▶ [Work order] Using the records below, copy exactly the part that opens with the line holding "Yoruba peoples have" and closes with the line holding "Enjoy the A", minus the pictures.

▶ [Given data]
───
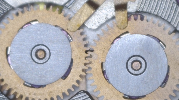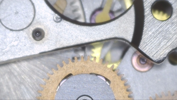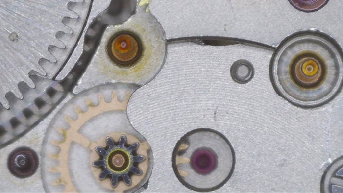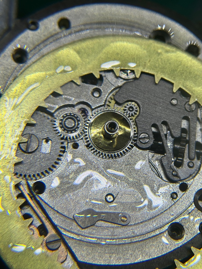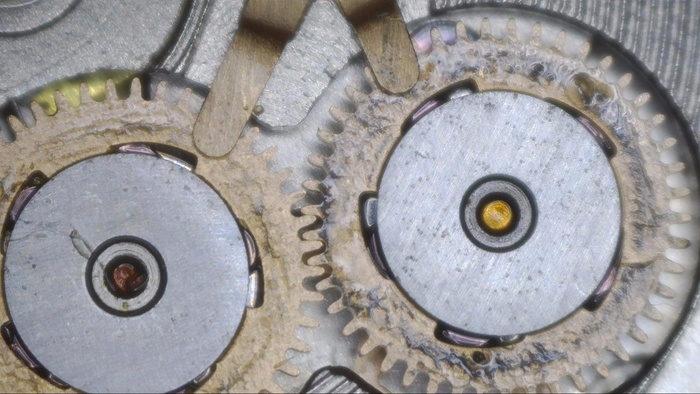 Минутное колесо со следами загрязнений и старой смазки
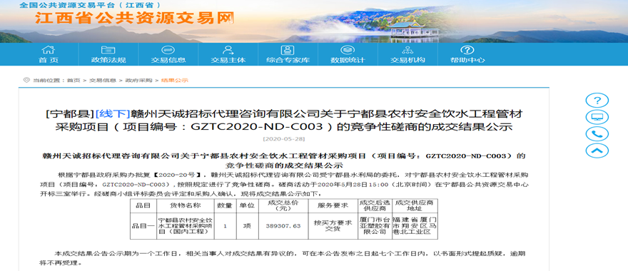 中標喜訊,寧都縣農(nóng)村安全飲水工程管材采購項目
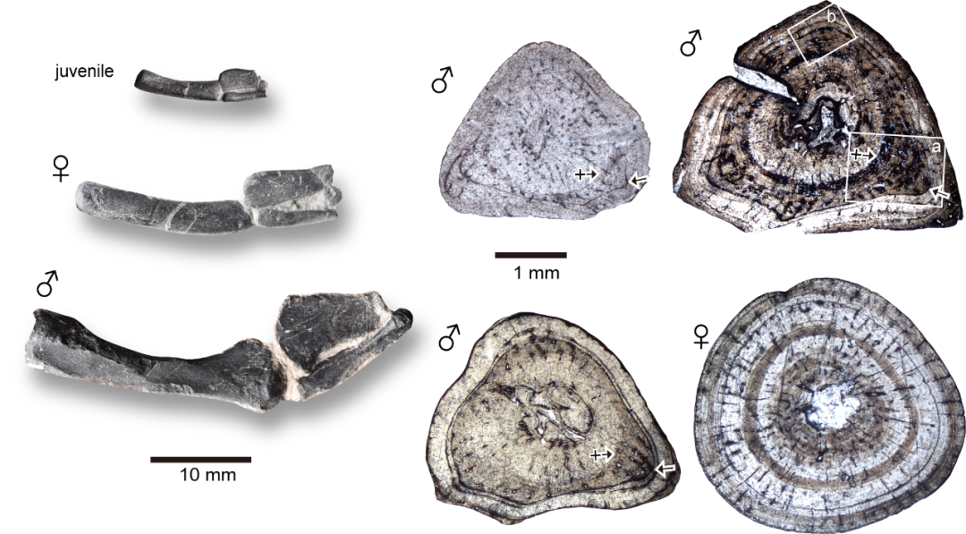 通过对比幼年个体、青春期个体及成年个体骨组织,分析骨密度和生长速率,研究团队得出了贵州龙在青春期快速生长的结论,获得了贵州龙青春期发育开始和终止的信息:青春期雄性个体的肱骨逐渐形成了三角形中轴截面,而雌性和幼年个体肱骨中轴截面一直保持椭圆形。
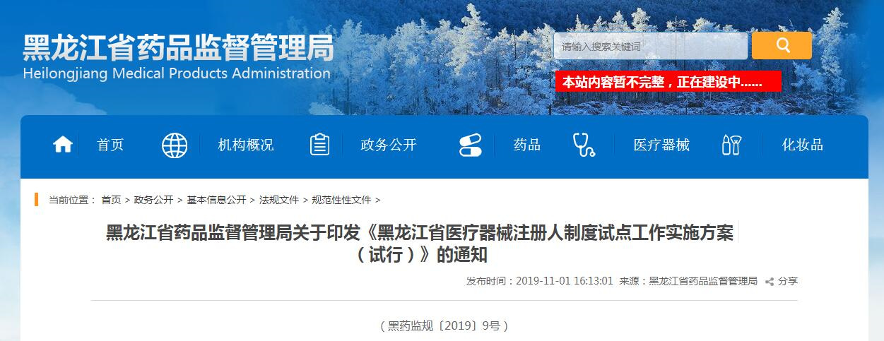为落实国务院关于供给侧结构性改革总体部署,加快推进我省医疗器械产业创新发展,为全国实施医疗器械注册人制度积累经验,根据《中共中央办公厅国务院办公厅印发关于深化审评审批制度改革鼓励药品医疗器械创新的意见》(厅字〔2017〕42号)《国家药监局关于扩大医疗器械注册人制度试点工作的通知》(国药监械注〔2019〕33号)要求,结合我省实际,我局制定了《黑龙江省医疗器械注册人制度试点工作实施方案》,现印发给你们,请认真组织实施。
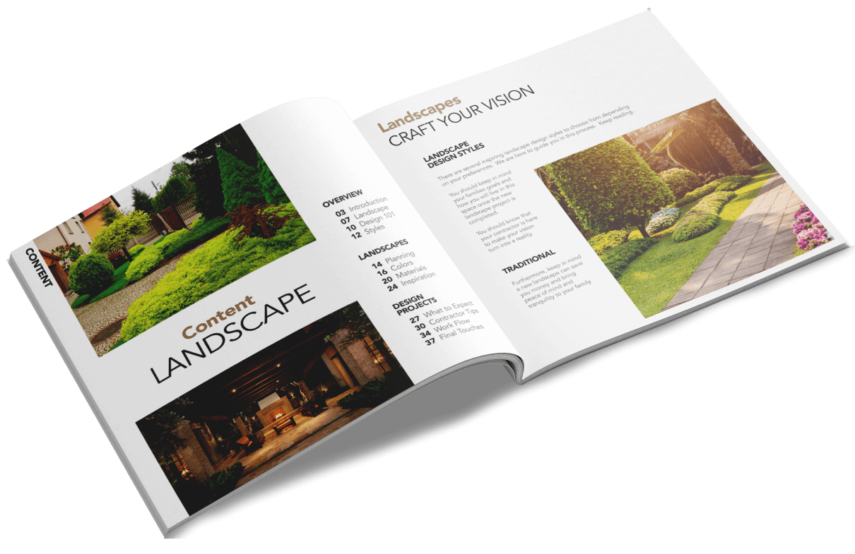 Our guide is packed with inspirational landscape projects, before-and-after stories, and an overview on the most popular layouts & designs of {YEAR}.
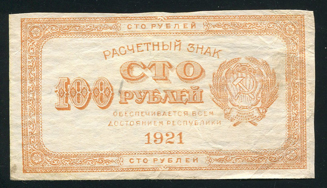 Расчетный знак РСФСР образца 1921 года 100 рублей. Оранжевый цвет. В/з цифры 100.
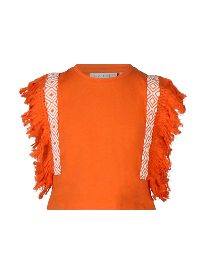 Wat een leukerd! En met de oranje top zit je gelijk helemaal goed voor het EK 2024 Kampioenschap Voetbal. Als je fan bent tenminste! De top heeft een cropped fit en lekker veel franje op de schouder. Helemaal on-trend. We hebben hem ook voor je in het zwart en off white.
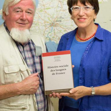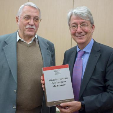 Il s'exprimait en ces termes le 5 février 2014 en recevant les membres du collectif qui vient de faire paraître aux Presses universitaires de Rennes un ouvrage de référence consacré à l'Histoire sociale des langues de France. G. Kremnitz, le directeur de l'ouvrage, n'a pas manqué de souligner lui aussi que "le facteur temps joue" : si des langues comme l'arabe maghrébin se portent très bien, il en est d'autres qui vont très mal. Comme il s'intéresse à l'occitan depuis un demi-siècle, il a lui aussi vu et vécu le changement du paysage langagier qui s'est produit en France et qui, à ses yeux, représente "une perte" : pour l'homme comme pour la société, le plurilinguisme constitue une richesse.
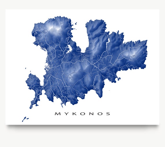 Mykonos Map Print And Mykonos Greek Islands Landscape Art Etsy
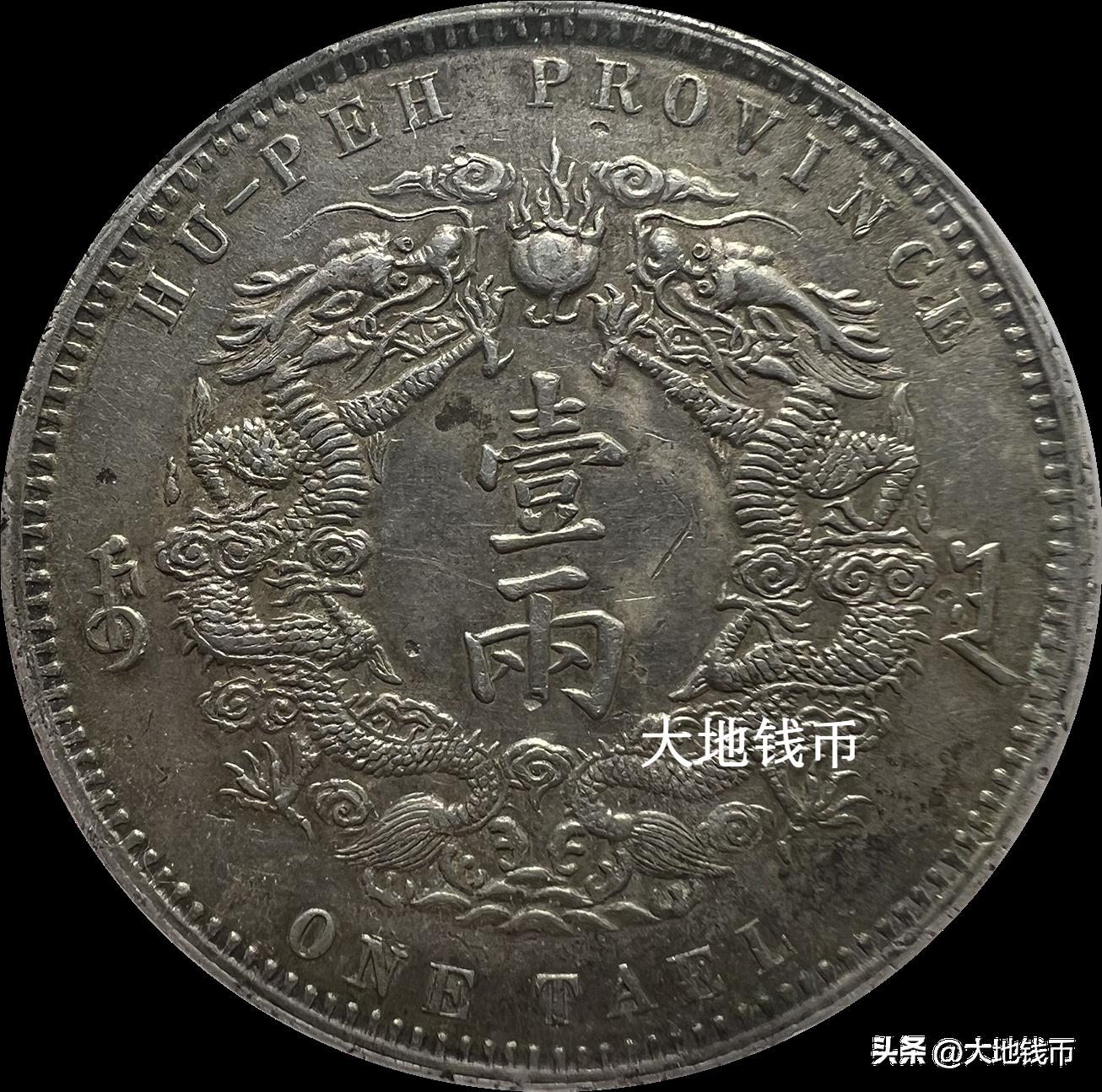这枚湖北双龙一两是中国最早在币面上铭文“大清银币”的银币,也是流通币中,除了吉林“厂平一两”外唯一的“两”制币。
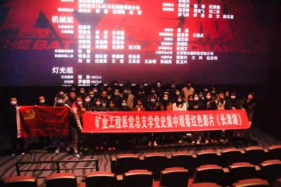 为深入推进党史学习教育,弘扬爱国主义精神,10月24日,矿业工程系党总支组织师生党员观看爱国主义影片《长津湖》,带领大家重温历史,感悟伟大的抗美援朝精神。
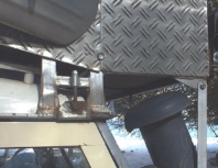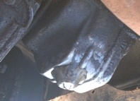 Der Unterfahrschutz vorne (ein Stück gebogenes Sandblech) und der Getriebeschutz
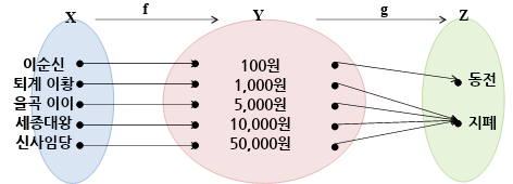 집합 Y의 임의의 원소인 화폐가 집합 Z의 동전인지 지폐인지에 대응하면 이것도 함수죠. 함수 g라고 할게요.
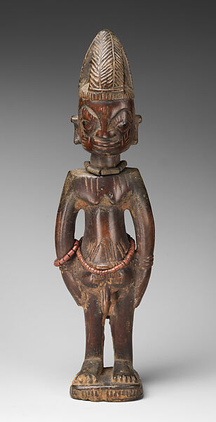 Yoruba peoples have one of the highest incidents of twin births in the world. As a result, twins are regarded as extraordinary beings protected by Sango, the deity of thunder. They are believed to be capable of bestowing immense wealth upon their families or misfortune to those who do not honor them. Powerful spirits in life, twins are honored with carved memorial figures when they die. These figures, known as ere ibeji (literally meaning ere: sacred image; ibi: born; eji: two), remain a point of access to the spirit of the departed individual. The mother provides ritual care to the figures, bathing, dressing, adorning, and feeding them. Such daily handling is responsible for giving their surface its distinctive patina. Ere ibeji invariably represent their subjects with mature adult physiognomies, and are often crowned with elaborate hairdos.
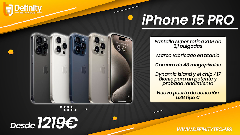 iPhone 15 PRO ya está aquí con un chip A17 rompedor. Robusto y ligero. Forjado en titanio con calidad aeroespacial. Incorpora un nuevo botón 'Ación', el mayor zoom óptico (120 mm), grabaciones mágicas, 29 horas de reproducción de vídeo, para jugar a los bestia... Con este móvil tienes la mayor autonomía posible. Lo tienes por un precio genial en Definity Technology a través de internet o en la tienda física de La Unión.
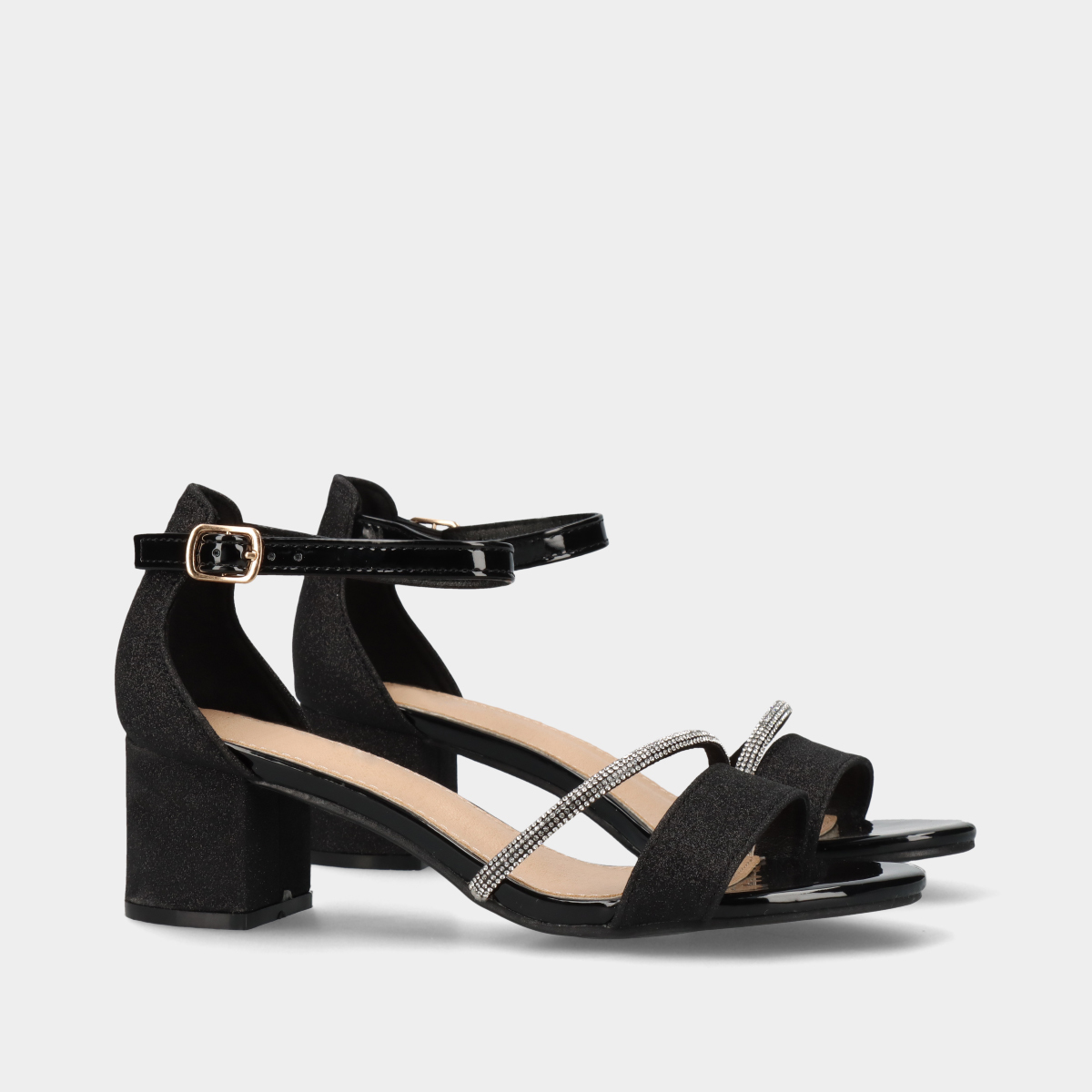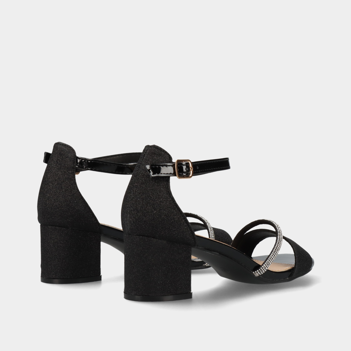 Sandálias de salto médio de 5 cm, com acabamento em glitter, tira brilhante e detalhes em verniz. Calcanhar fechado para maior suporte, frente redonda e fivela ajustável no tornozelo.
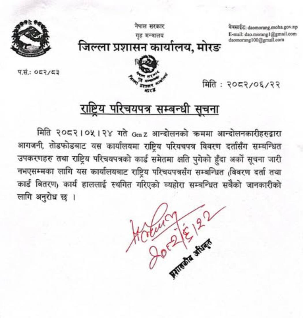 विराटनगर । जिल्ला प्रशासन कार्यालय मोरङले राष्ट्रिय परिचय पत्र दर्ता तथा कार्ड वितरण अनिश्चित कालका लागि स्थगित गरेको छ ।
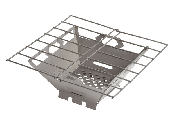 Get grillin in the backcountry without charring the Earth or weighing down your pack. The Vargo Fire Box Grill features a hinged grate and panel system for easy setup, fold-flat packing, and fire preparation. Just lift the grate and add your fuel.
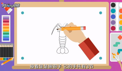 画上钳子,它的手共有三节,其次是画其余的脚,每边有三条。
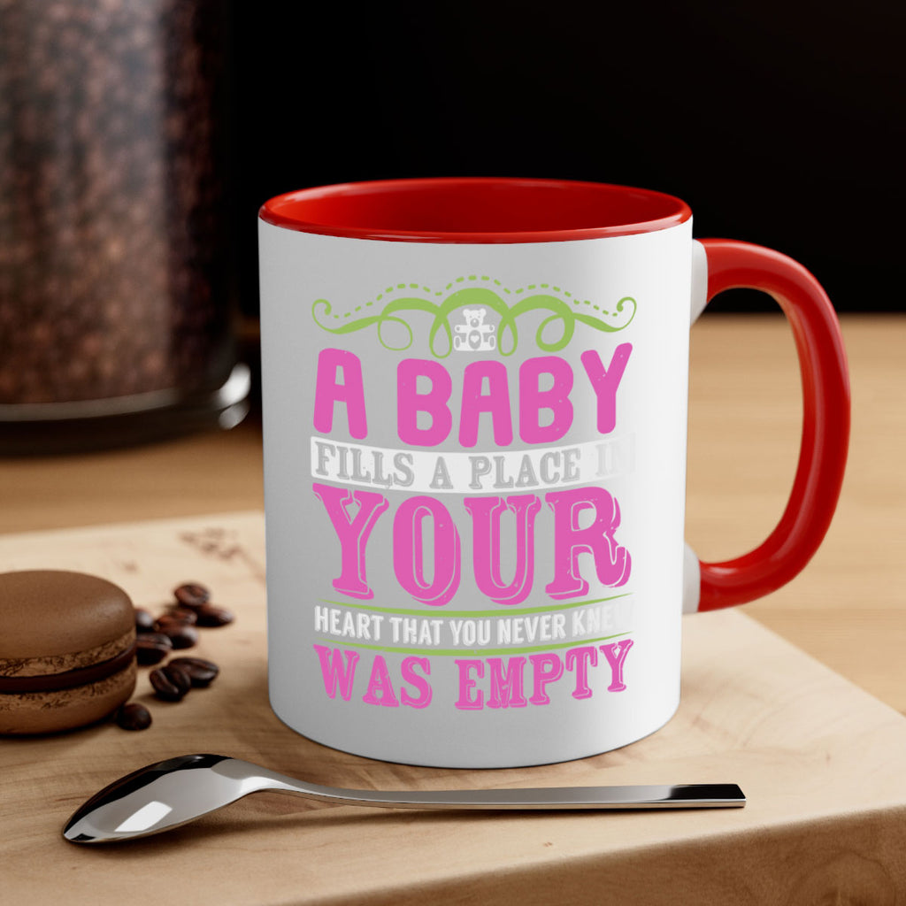 Enjoy the A baby fills A place in Your Heart that you never knew was empty Style 294# Mug . Here to bring big gulps of coffee, Tea or any beverage and style, these two-tone coffee mugs help people around the world start the day just right. Choose between 5 different color options and 2 sizes to best complement the design. Each mug comes with a colored handle, a colored interior, and a classy, glossy finish so that your mugs become an instant favorite.
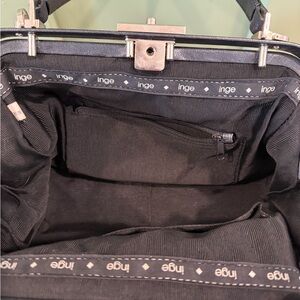 Gorgeous vintage satchel by Inge. Leather and Crystal appliqué on front. Snap close. Zip pocket inside. Four feet on bottom. Super soft quilted material. Leather strap and piping along purse. She’s a Beauty!
───
▶ [Response for this exercise]
 Yoruba peoples have one of the highest incidents of twin births in the world. As a result, twins are regarded as extraordinary beings protected by Sango, the deity of thunder. They are believed to be capable of bestowing immense wealth upon their families or misfortune to those who do not honor them. Powerful spirits in life, twins are honored with carved memorial figures when they die. These figures, known as ere ibeji (literally meaning ere: sacred image; ibi: born; eji: two), remain a point of access to the spirit of the departed individual. The mother provides ritual care to the figures, bathing, dressing, adorning, and feeding them. Such daily handling is responsible for giving their surface its distinctive patina. Ere ibeji invariably represent their subjects with mature adult physiognomies, and are often crowned with elaborate hairdos.
 iPhone 15 PRO ya está aquí con un chip A17 rompedor. Robusto y ligero. Forjado en titanio con calidad aeroespacial. Incorpora un nuevo botón 'Ación', el mayor zoom óptico (120 mm), grabaciones mágicas, 29 horas de reproducción de vídeo, para jugar a los bestia... Con este móvil tienes la mayor autonomía posible. Lo tienes por un precio genial en Definity Technology a través de internet o en la tienda física de La Unión.
 Sandálias de salto médio de 5 cm, com acabamento em glitter, tira brilhante e detalhes em verniz. Calcanhar fechado para maior suporte, frente redonda e fivela ajustável no tornozelo.
 विराटनगर । जिल्ला प्रशासन कार्यालय मोरङले राष्ट्रिय परिचय पत्र दर्ता तथा कार्ड वितरण अनिश्चित कालका लागि स्थगित गरेको छ ।
 Get grillin in the backcountry without charring the Earth or weighing down your pack. The Vargo Fire Box Grill features a hinged grate and panel system for easy setup, fold-flat packing, and fire preparation. Just lift the grate and add your fuel.
 画上钳子,它的手共有三节,其次是画其余的脚,每边有三条。
 Enjoy the A baby fills A place in Your Heart that you never knew was empty Style 294# Mug . Here to bring big gulps of coffee, Tea or any beverage and style, these two-tone coffee mugs help people around the world start the day just right. Choose between 5 different color options and 2 sizes to best complement the design. Each mug comes with a colored handle, a colored interior, and a classy, glossy finish so that your mugs become an instant favorite.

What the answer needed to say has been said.